Yet as the days went on, a curious thing started to happen: I began to feel better. The terrible rage I had been holding on to suspended and finally lifted, like a dark cloud evaporating into the magic hour of a ripening night sky. As I looked back over the events of the previous weeks, I began very slowly, yet clearly, to understand how I had failed to meet this other person’s needs. At first my conclusions seemed almost irrational and ridiculous, but as I followed a long chain of events and logic, I was led to a wounded soul in need of my solace rather than unmitigated disdain.

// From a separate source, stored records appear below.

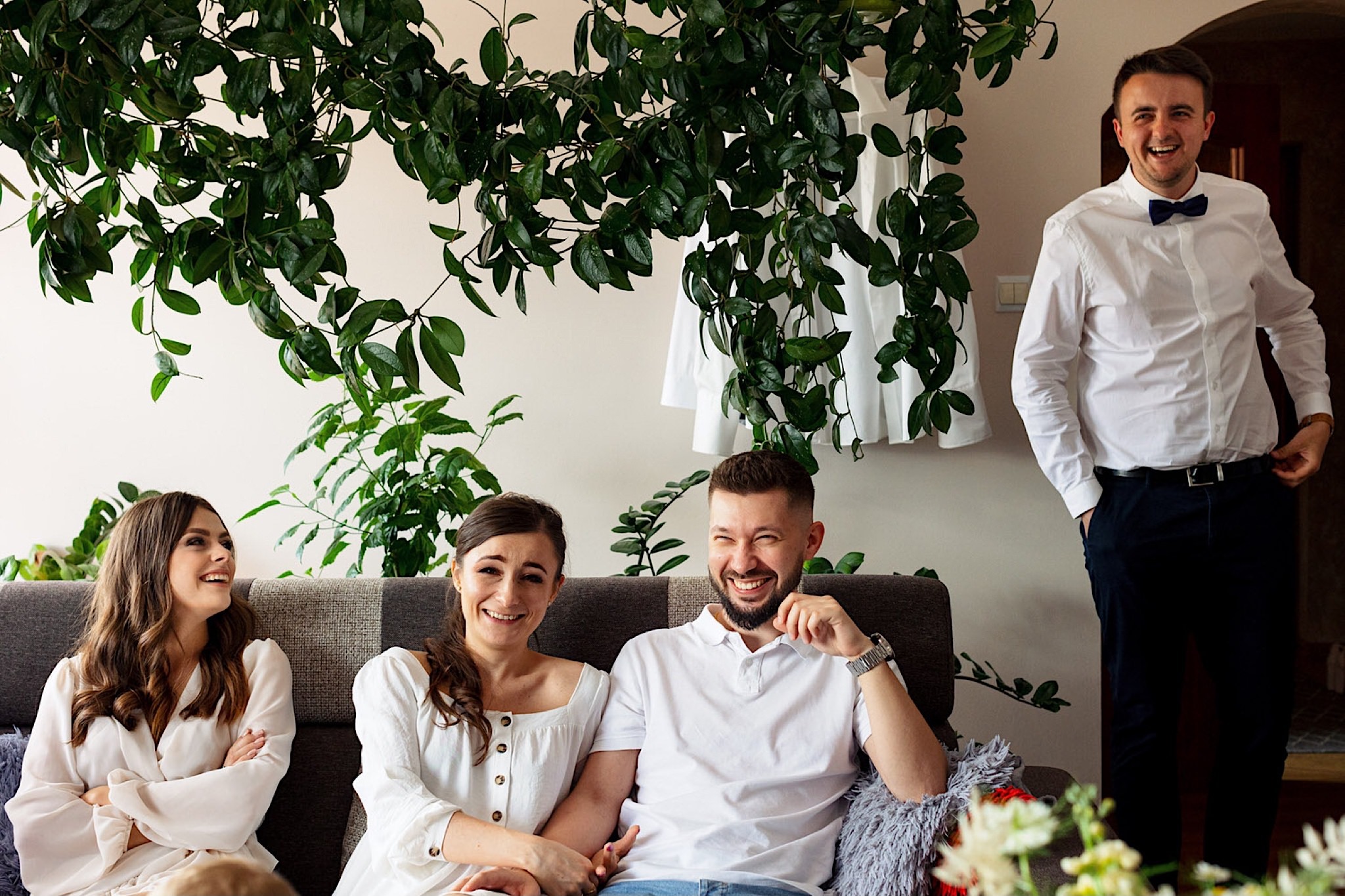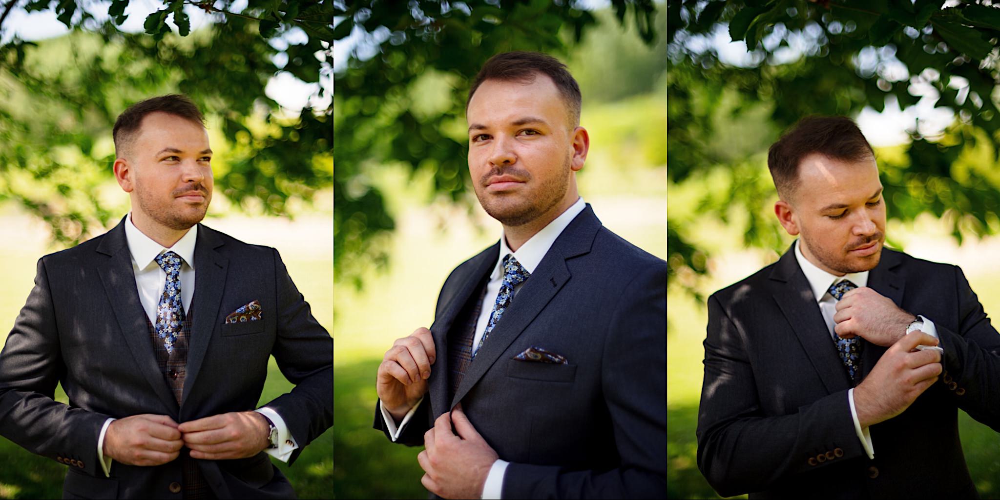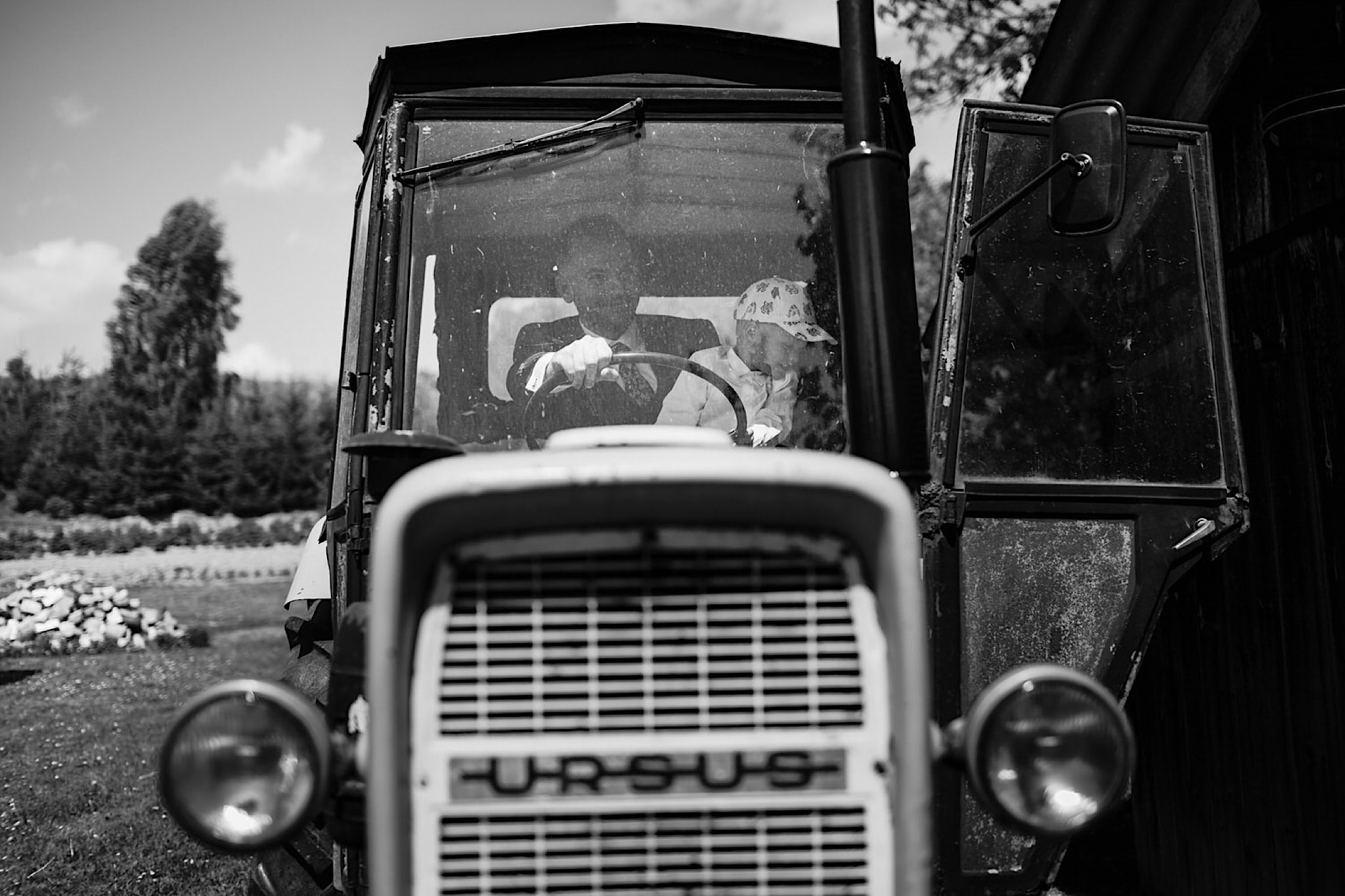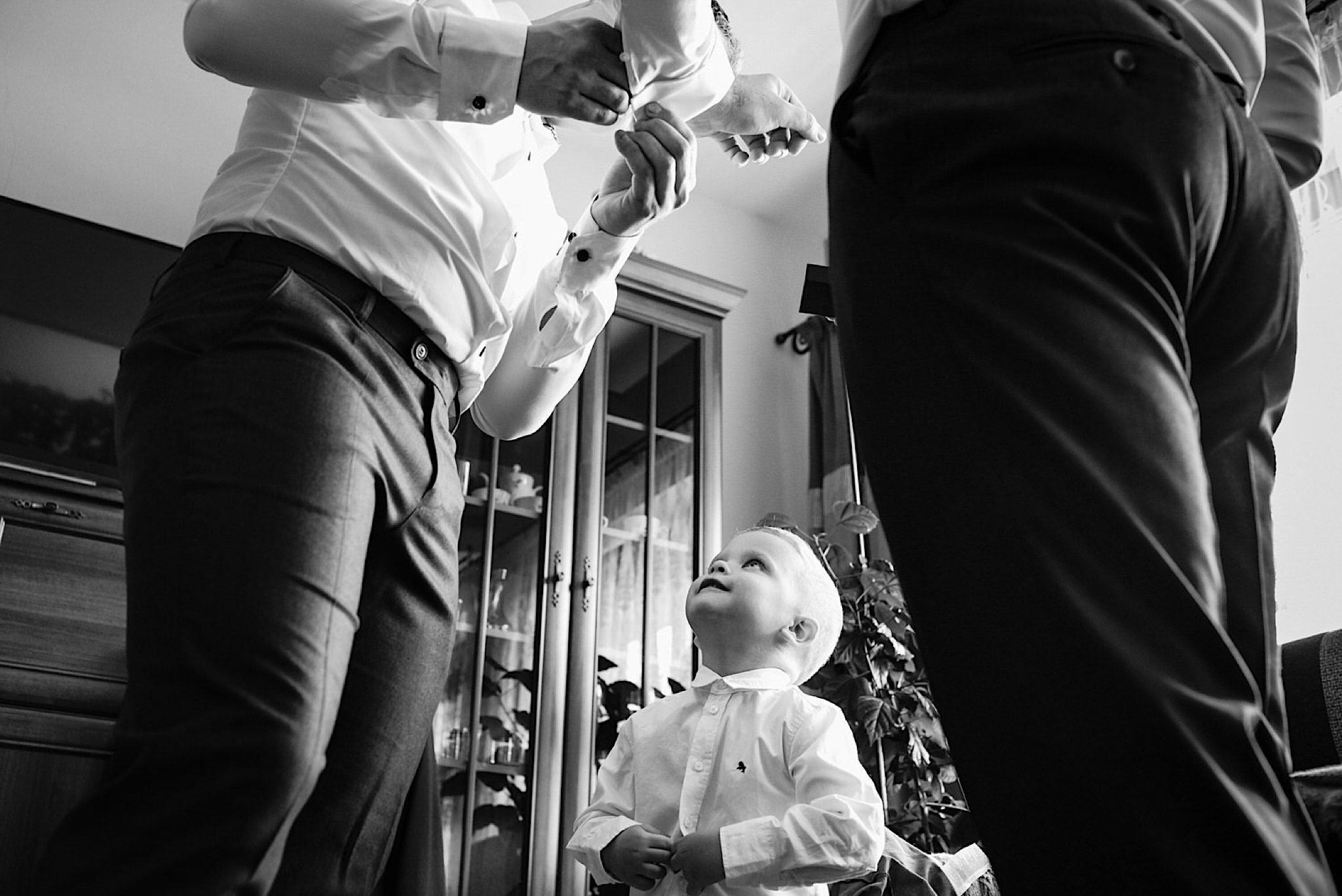 Dzień wesela rozpocząłem od wizyty w domu rodzinnym Kondzia. A tam to co lubię najbardziej. Sporo ludzi, duża przestrzeń i same uśmiechnięte Mordeczki. Do tego wszechobecny brzdąc. Nasz Pan Młody zaplanował wszystko, nawet kostki do whisky symbolizowały jego duszę romantyka 🙂 Sporo żartów, męskiej bielizny (o właśnie, będzie dopłata!:)), oglądania starych rodzinnych zdjęć, biegania po schodach, przejażdżka Ursusem, chwila na portrety i w drogę do Patrycji.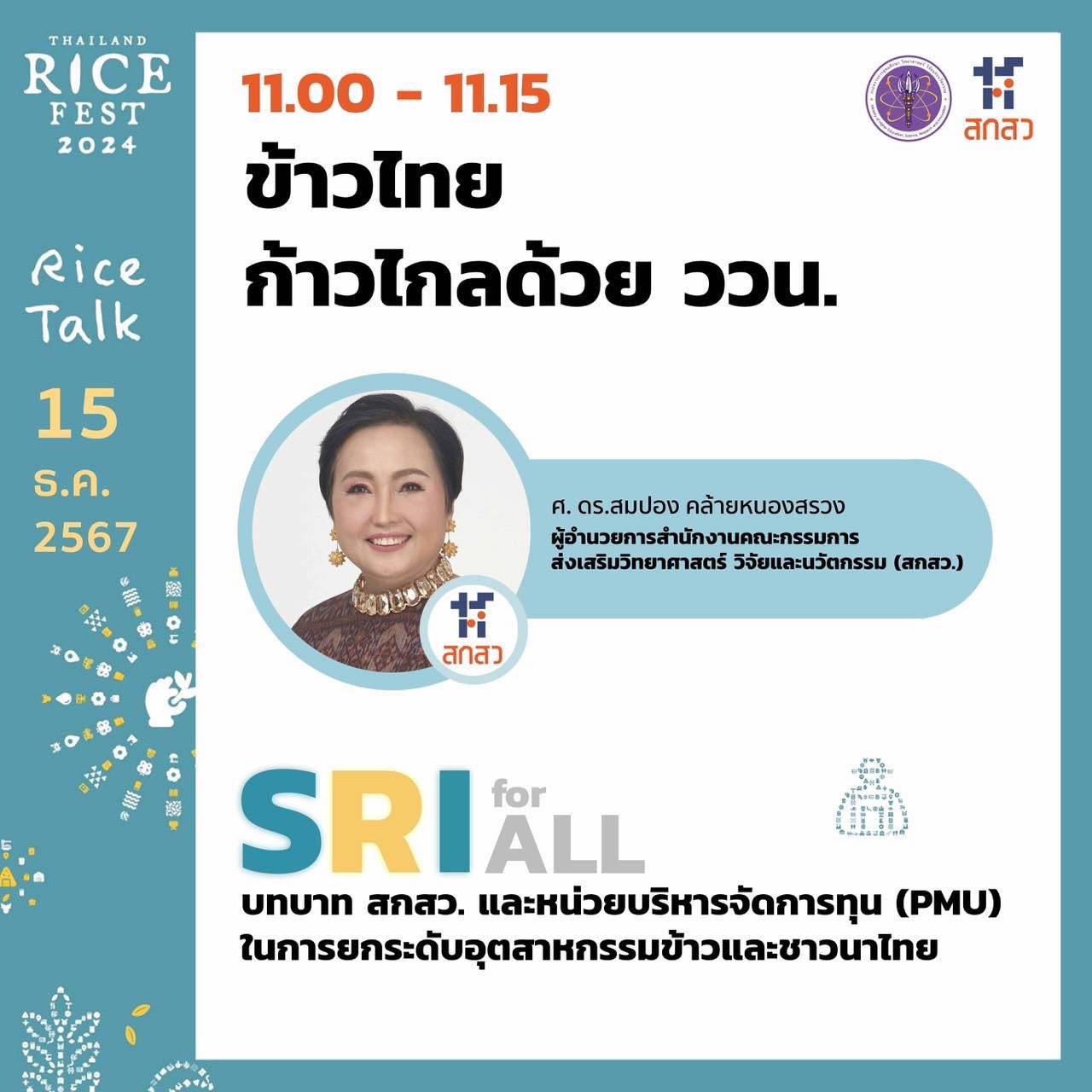 ⏰ เวลา 11.00 - 11.15 น. บรรยายพิเศษภายใต้หัวข้อ “ข้าวไทยก้าวไกลด้วย ววน.”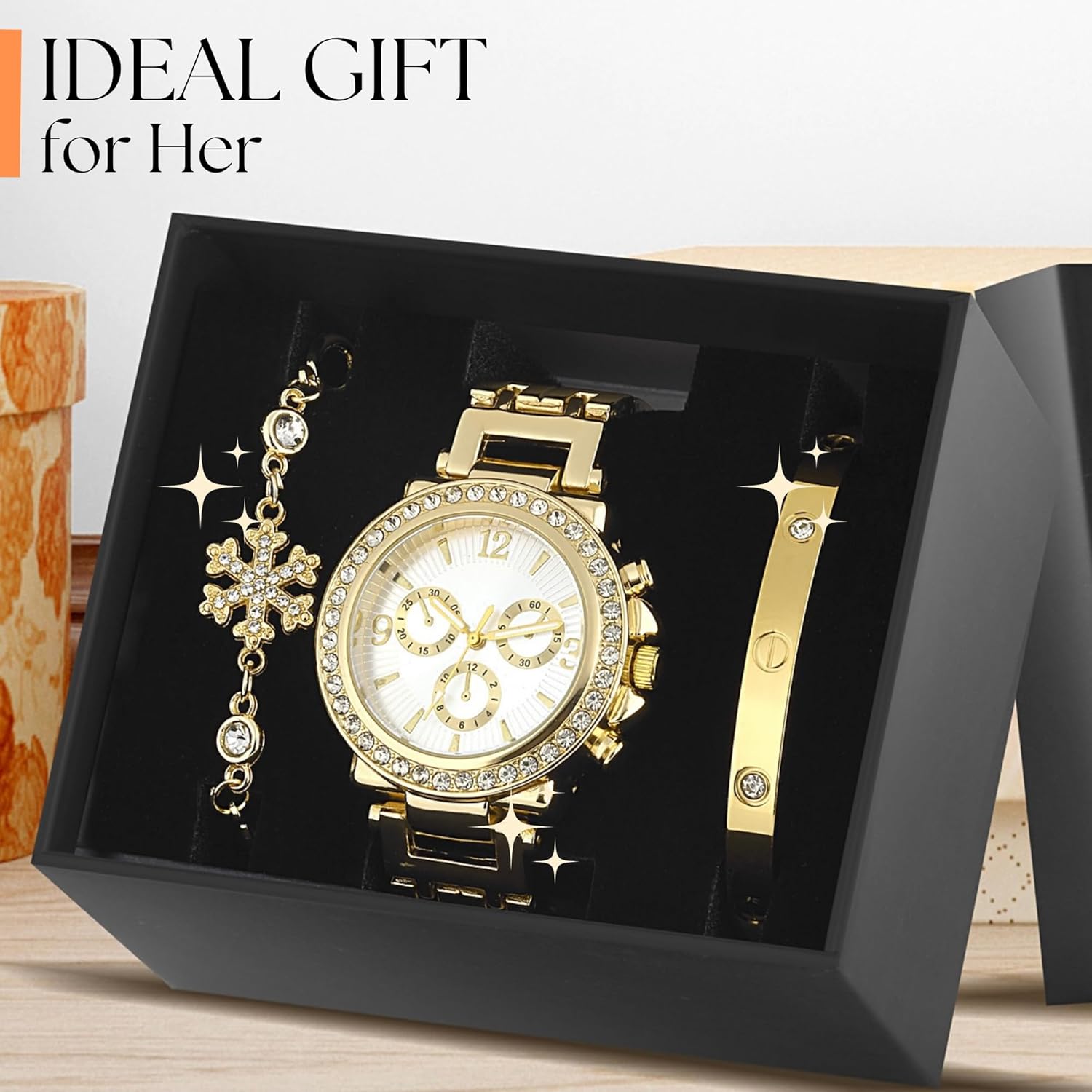Discover the perfect watch and gold jewelry sets for women that combine elegance and style. This set includes a beautiful gold watch, along with stunning bracelets for women, including delicate dainty gold bracelet options. The collection also features versatile gold and silver bracelets for women, making it the ultimate fashion accessory for any occasion. Elevate your fashion with this timeless jewelry for women that adds a touch of to your look.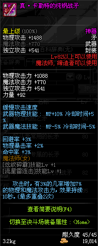 | 82 | 真·卡勒特的纯钢战矛 | *设计图(70LV以上普通地下城 登场的NPC加百利 出售) *卡勒特的纯钢战矛 → 用远古神器装备进化书升级(NPC船长鲁特 出售) |
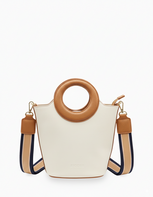 A modern take on classic styling, the Charlie Bag Tan White is your perfect everyday companion. Featuring a striking circular handle in contrast tan and white tones, this versatile piece can be carried by hand for a chic statement look or worn crossbody with the detachable webbing strap for hands-free ease.

When I think of this person now, I do so fondly. It is hard to believe I had felt such rancor before. It is indeed possible that we may have only one more interaction, or perhaps we will have many. Yet in the end, the words we humans exchange will always be less meaningful than the purity and kindness we express through the stillness of our open hearts.

This experience has reminded me of the triumph of the human spirit, and of the capacity of the human heart to forgive. Forgiveness, I understand at long last, never was (nor will it ever be) a grandiose gesture to be dispensed via a loud thunderclap from the heavens. It is merely the natural movement of the heart. It is the movement forward, the lifting of the static listlessness that says: I choose to live within the uncaused joy of the timeless moment. Because this experience was impermanent, as all things are impermanent, and I have chosen not to carry it with me.

I have chosen not to carry it with me on the journey Home.